まあこのあたり正確には「人員整理をしてはいけない」ではなく「人員整理には一定の条件が必要」なのですが、ここは城氏としては以前から確信的に誤用しているらしいところなので、ああまたかという感じです。続く記述についても、雇用調整のための計画残業は平常時で日当たり1時間程度、多い時でもせいぜい日当たり3時間くらいまででこれが長期にわたることはまずなく、「雇用を守るため…青天井で残業」というのもかなり雑な議論ではあると思います。時間外労働規制の緩さが過労死の一因というのはそのとおりとしても。
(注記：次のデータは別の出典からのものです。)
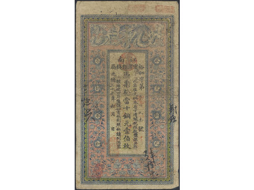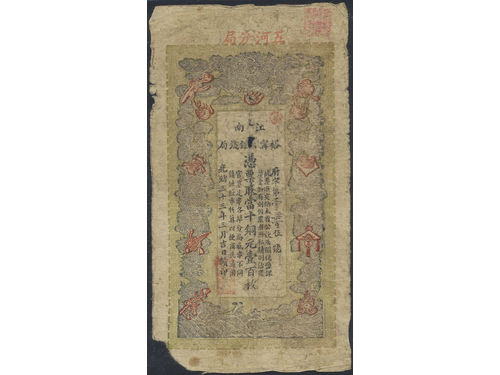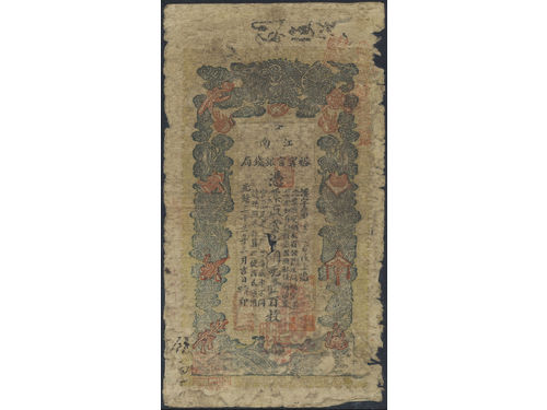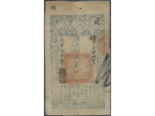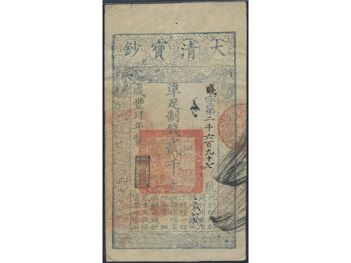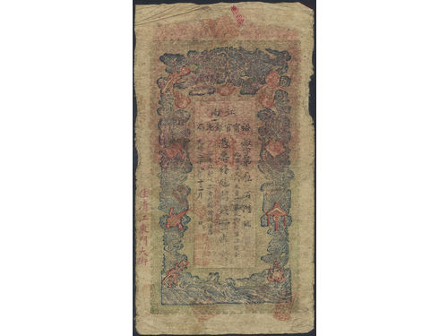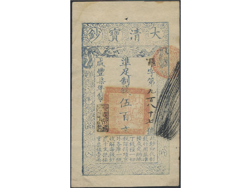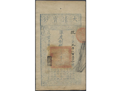 Banknotes, China - Empire. Pick A6d, 10000 cash Year 8 (1858). With re-issue stamp. Scarce issue of this high denomination. VF. Banknotes, China - Empire. Pick A6d, 10000 cash Year 8 (1858). With re-issue stamp. Scarce issue of this high denomination. VF. Visa mindre

 他にも、終身雇用はいろいろな副産物を生み出した。雇用を維持するためには、従業員は辞令一枚でいつでも全国転勤しないといけない。東京で余っている人を、空きの出た仙台に移すことで雇用を守れるようにするためだ。となると、共働きは難しい。夫婦のうちどちらか一方は家庭に入るか、稼ぎ頭の都合に合わせていつでも退職→移動の可能なパート程度で我慢する以外にない。こうして、夫は会社で滅私奉公、嫁は家庭で専業主婦というロールモデルが一般化することとなった。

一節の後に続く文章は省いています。